Abstract Body: Introduction: Coronary artery disease (CAD) is a leading cause of death worldwide. It is now generally accepted that residual risk for CAD resides in genetic variation that regulates cellular processes of smooth muscle cells (SMCs) in the vessel wall.

Methods: We applied CRISPRi Perturb-seq using split-pool barcoding (SPLiT-seq) in immortalized human coronary artery SMCs, targeting 971 genome wide association study (GWAS) nominated genes with 3,163 guides across 954,000 cells. In vitro Perturb-seq transcriptomic effects were measured using single-cell RNA-seq. Explanted coronary arteries from cardiac transplant recipients was collected to generate a high quality scMultiome human coronary artery cell atlas (n=9). Together, this provided orthogonal references to map gene programs using consensus non-negative matrix factorization (cNMF) with robust cross-validation of gene programs. In vivo Perturb-seq via SMC-targeted AAV delivery is performed for mechanistic validation and characterization of in vivo effects.

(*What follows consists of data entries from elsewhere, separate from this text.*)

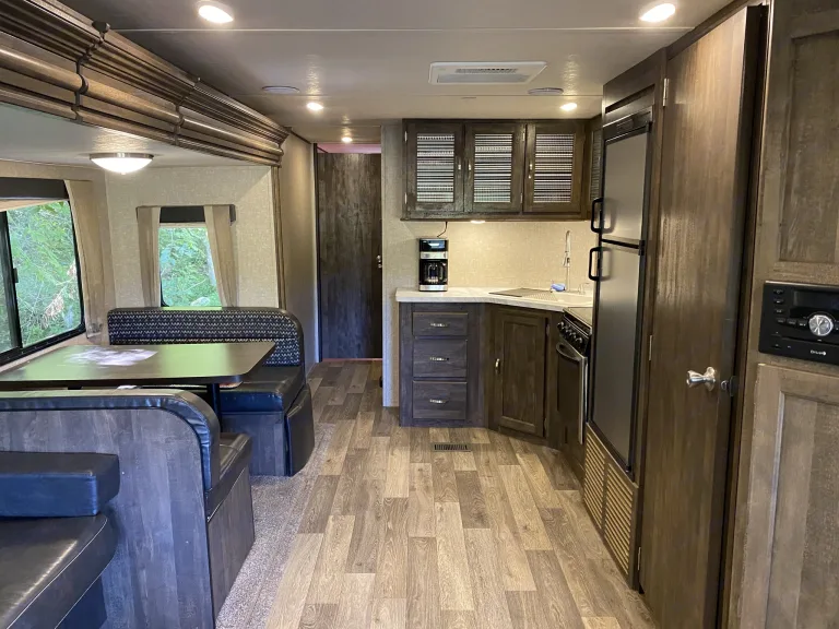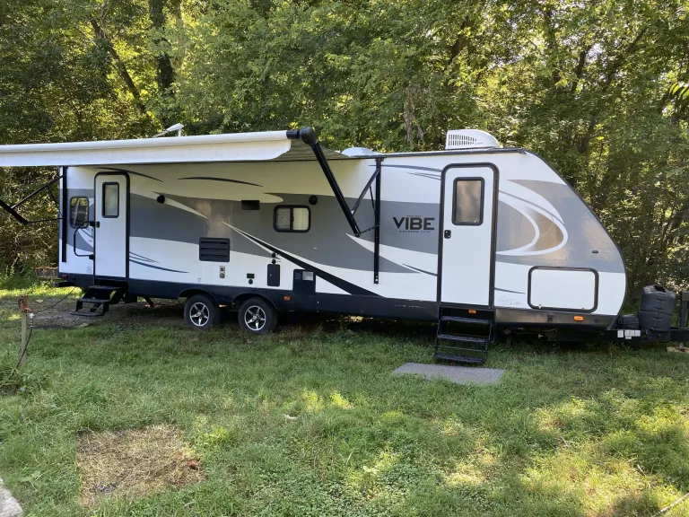 Enjoy some good Vibes in our roomy trailer. It has dual A/C, outside shower, dual recliners, a big picture window for an enjoyable view, spacious well stocked kitchen with coffee pot, toaster, plates, bowels, cups, coffee cups, utensils. We also supply paper goods and plastic cups because who wants to dishes all the time when your on vacation. large pantry cabinet. Queen size bed, shower enclosure. Just bring towels, food and cloths and have a great time!What's includedQueen size master is ready with clean linens and comfortable pillows. The outside cubby has a pair of basic camp chairs and small table and a grill. The kitchen should have anything you might need like pots, pans, dishes, utensils, can opener, salt and pepper, garlic powder, onion powder and veg. oil. we also have a phone charger just in case you forgot yours.RecommendationsElk River float trips. Crystal Bridges museum. Beaver Lake camping. NWA cycling. NWA craft fairs. Grand Lake camping. And so much more.
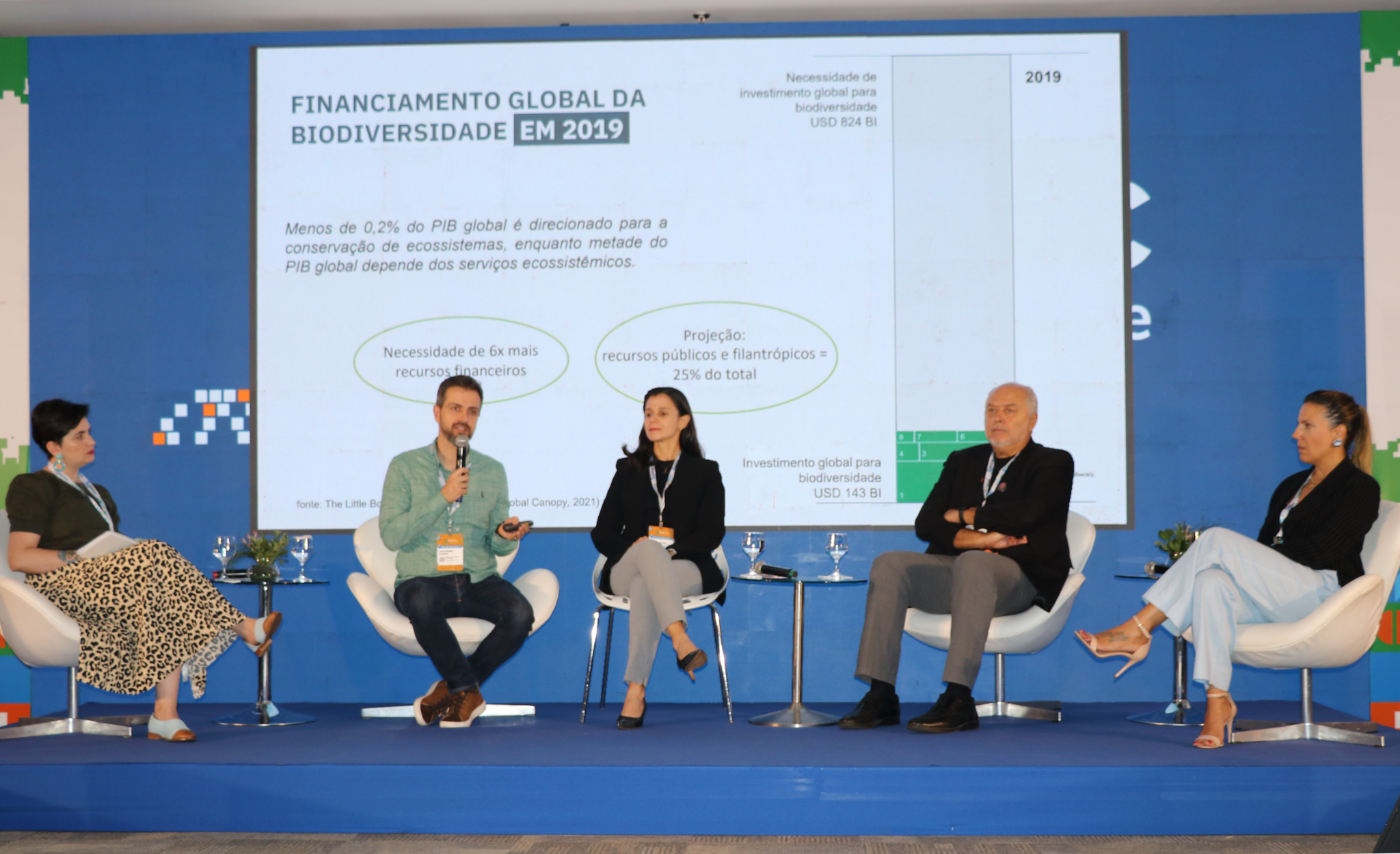 Seguindo essa mesma linha, Guilherme Karam focou seu discurso nos serviços ecossistêmicos, citando a necessidade de uma mudança de abordagem das soluções sustentáveis. “Os serviços ecossistêmicos são todos aqueles que a natureza nos oferece gratuitamente, que são essenciais para a nossa sobrevivência enquanto espécie. A polinização é um exemplo, trilhões de dólares são investidos no agronegócio mundial, que só é possível por conta dela, e é algo gratuito. No entanto, o valor investido para preservar esse ecossistema não chega nem perto disso. Por isso é preciso parar de tratar a preservação como algo filantrópico e mostrar o seu potencial como negócio rentável”.
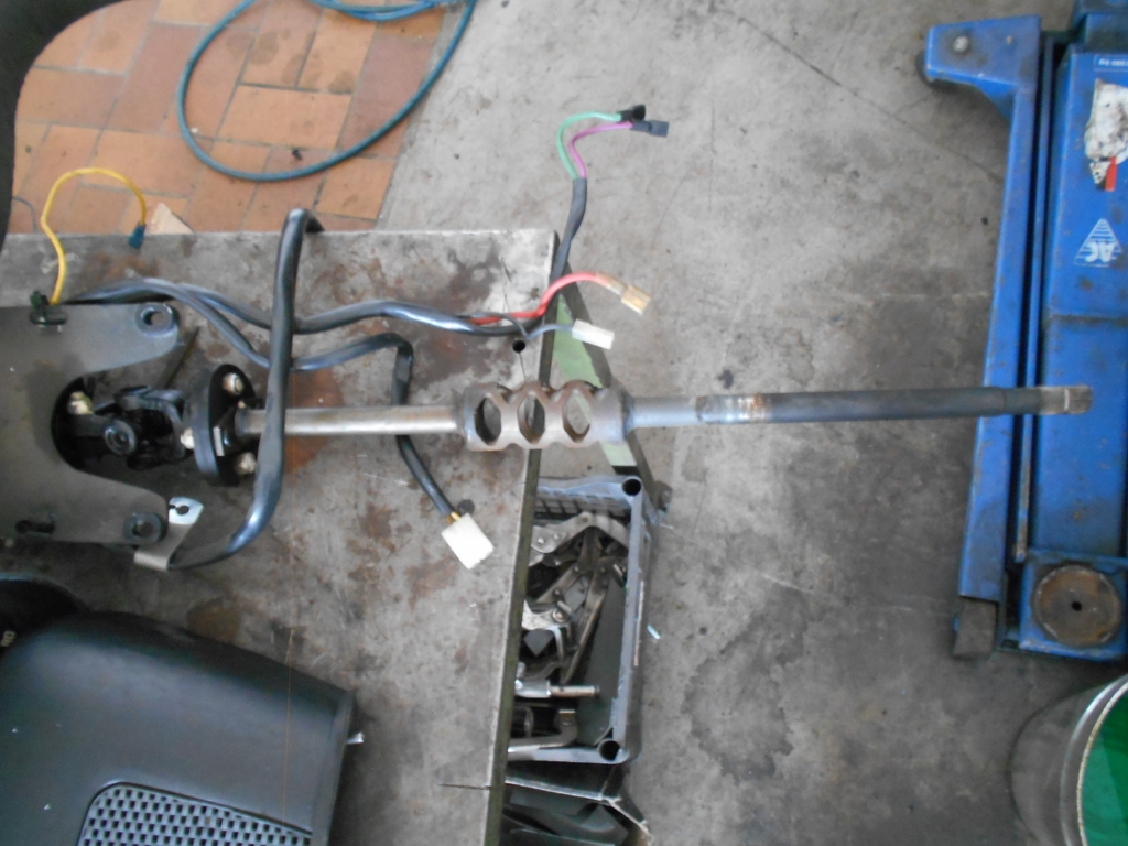 Der Fachboden der Mittelkonsole wird von zwei widerspenstigen Klammern in Position gehalten. Eine liegt rechts daneben. Die beiden unteren Bügel der Konsole sitzen in Aussparungen der Dämmung um den Mitteltunnel. Mit vier Händen kann man sie gleichzeitig heraushebeln und entschlossen an der Konsole ziehen. Der Ausbau der Heizung sei eine Sauarbeit, meinte der Mann in der Werkstatt, deswegen habe er mir das abgenommen. Mitten im Bild die Ausströmer zur Windschutzscheibe, oben der linke ("L"), darunter der rechte ("R"). Oben links im Bild ein Teil des Kabelbaums mit dem Sicherungskasten. Sicherheitslenksäule mit 2 Kreuzgelenken und stoßabsorbierendem Scherengitter (Quelle: Verkaufsprospekt BMW 2500 / BMW 2800, III/69). Bis demnächst.
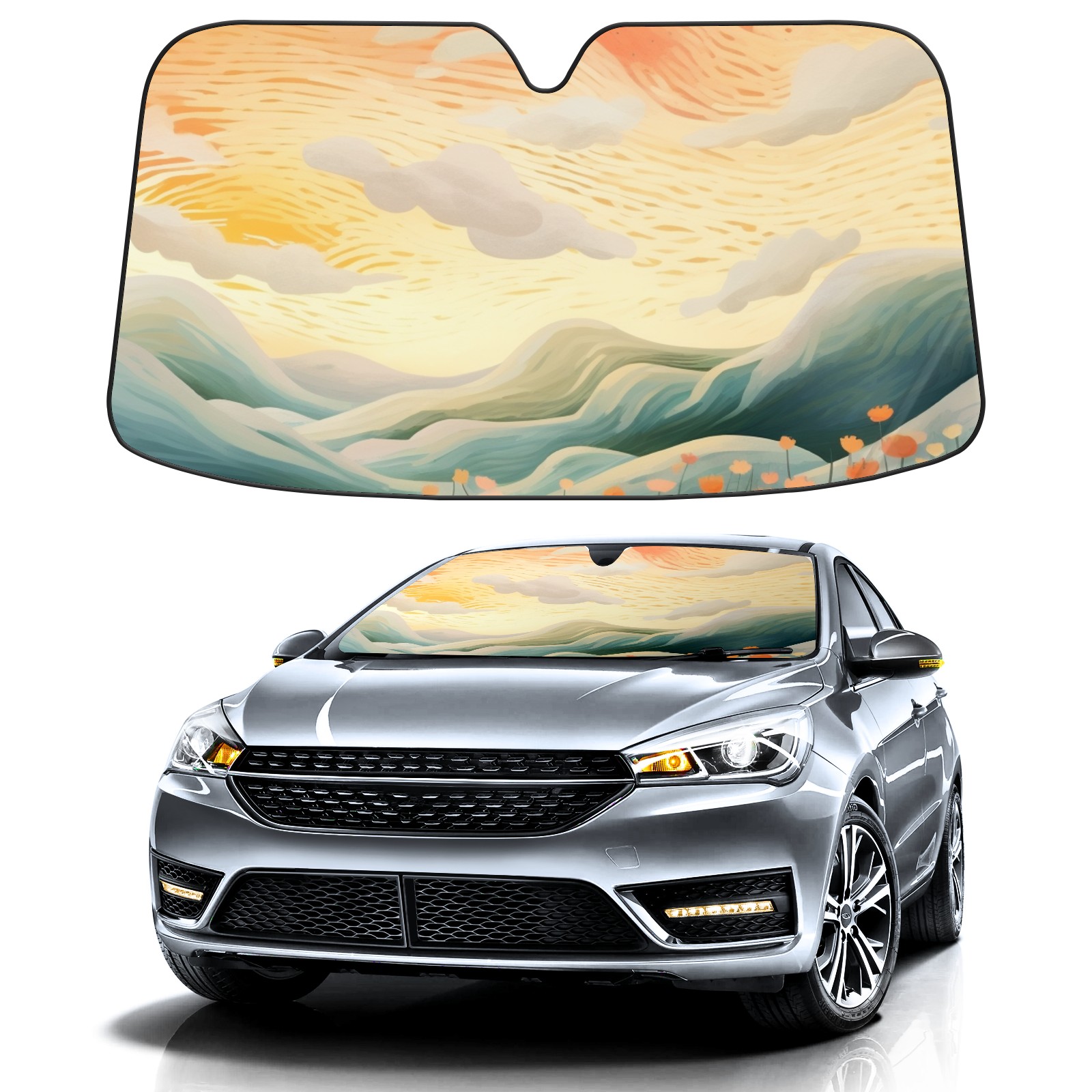 Car Windshield Sun Shade for Front Window Abstract Patterns Clouds Foldable Vehicle Windshield Car Sun Visor Covers Automotive Window Protector Car Privacy Sun Blocker
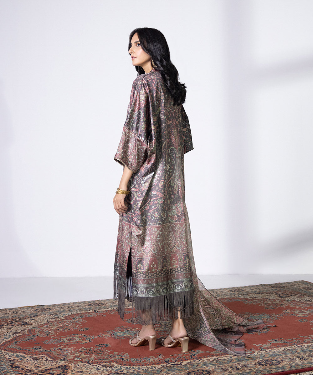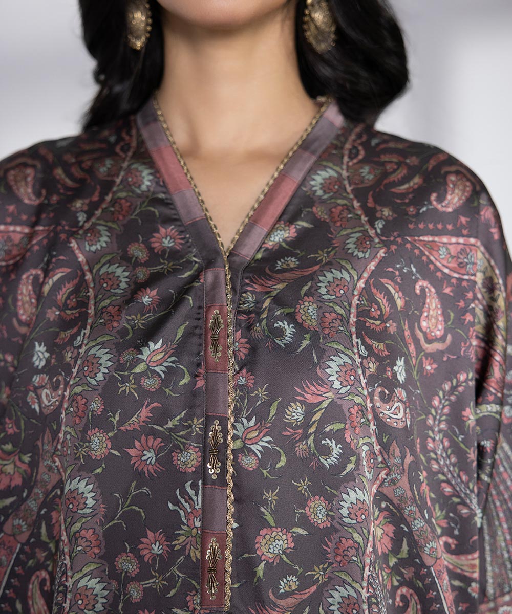 Immerse yourself in delicate illustrations in a brown satin ensemble featuring one piece shirt
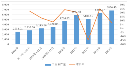 2006-2014 年中國針織行業(yè)工業(yè)總產值規(guī)模及增長
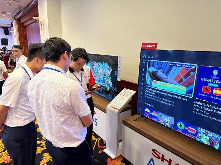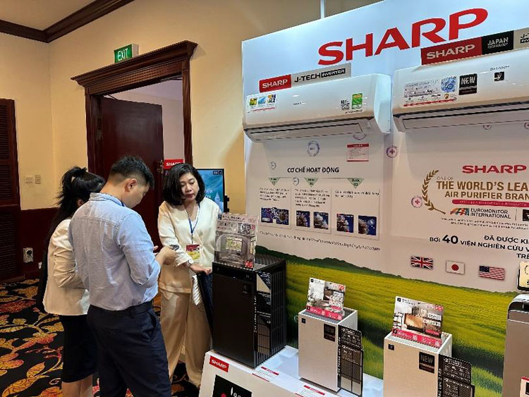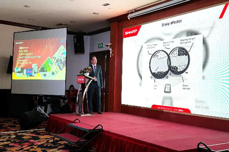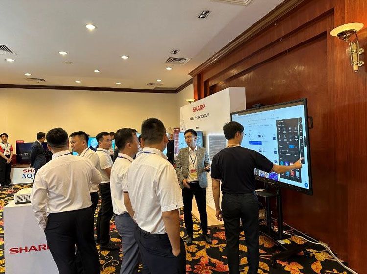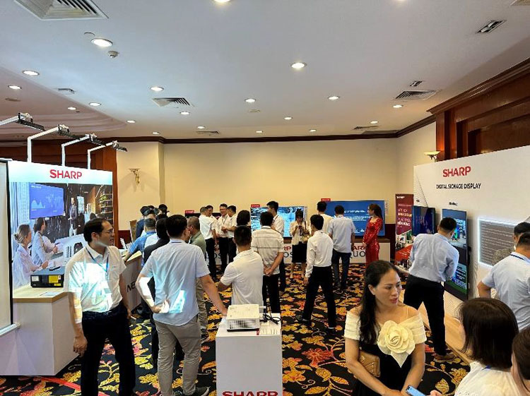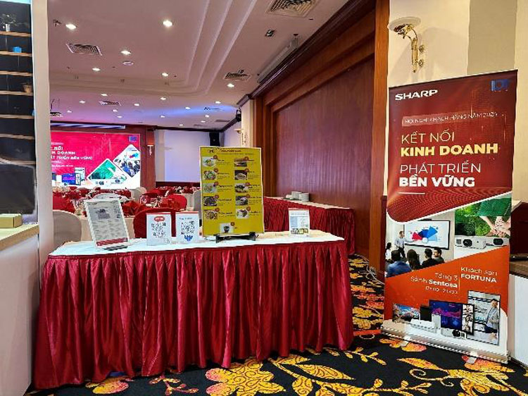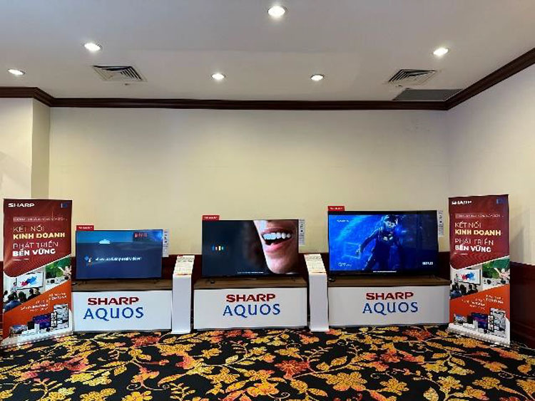 テーマは「Connecting Business for Sustainable Development(持続可能な発展のためのビジネスの連携)」で、シャープの製品ラインアップを展示し、今後のビジネスの方向性、ベトナムの代理店の方々と今後も引き続き協力する姿勢をお伝えしました。

Results: cNMF decomposition performed on the Perturb-seq and human scMultiome atlas revealed 50 in vitro, and 40 in vivo gene programs, respectively. In total, 84% of our candidate genes demonstrated statistically robust knockdown. This allowed systematic integration of GWAS variants to gene linking followed by analysis of perturbation-associated differential gene signatures with SMC-specificity and CAD risk gene enrichment that converged across both cNMF references. Together, this enabled quantitative ranking of functional disease genes by their impact on transcriptional circuits. To extend upon this framework, SMC-targeted in vivo Perturb-seq demonstrated robust knockdown across 19 target genes using 123 guides, enabling rapid simultaneous characterization of cellular functions. Integration of these analyses highlighted convergence of CAD-associated perturbations on risk associated vascular regulatory programs such as TGFB signaling and nominated ZEB1 as a high-confidence mediator of CAD genetic risk. Transcriptomic analysis of in vivo effects revealed a shift in SMC cellular state marked by ectopic activation of epithelial markers and upregulation of immune signaling.

Conclusion: We combine SPLiT-seq CRISPRi screening with multi-modal gene program references for robust hypothesis generation and in vivo Perturb-seq for rapid functional validation of CAD risk associated loci, identifying ZEB1 as a novel regulator of SMC identity and disease risk.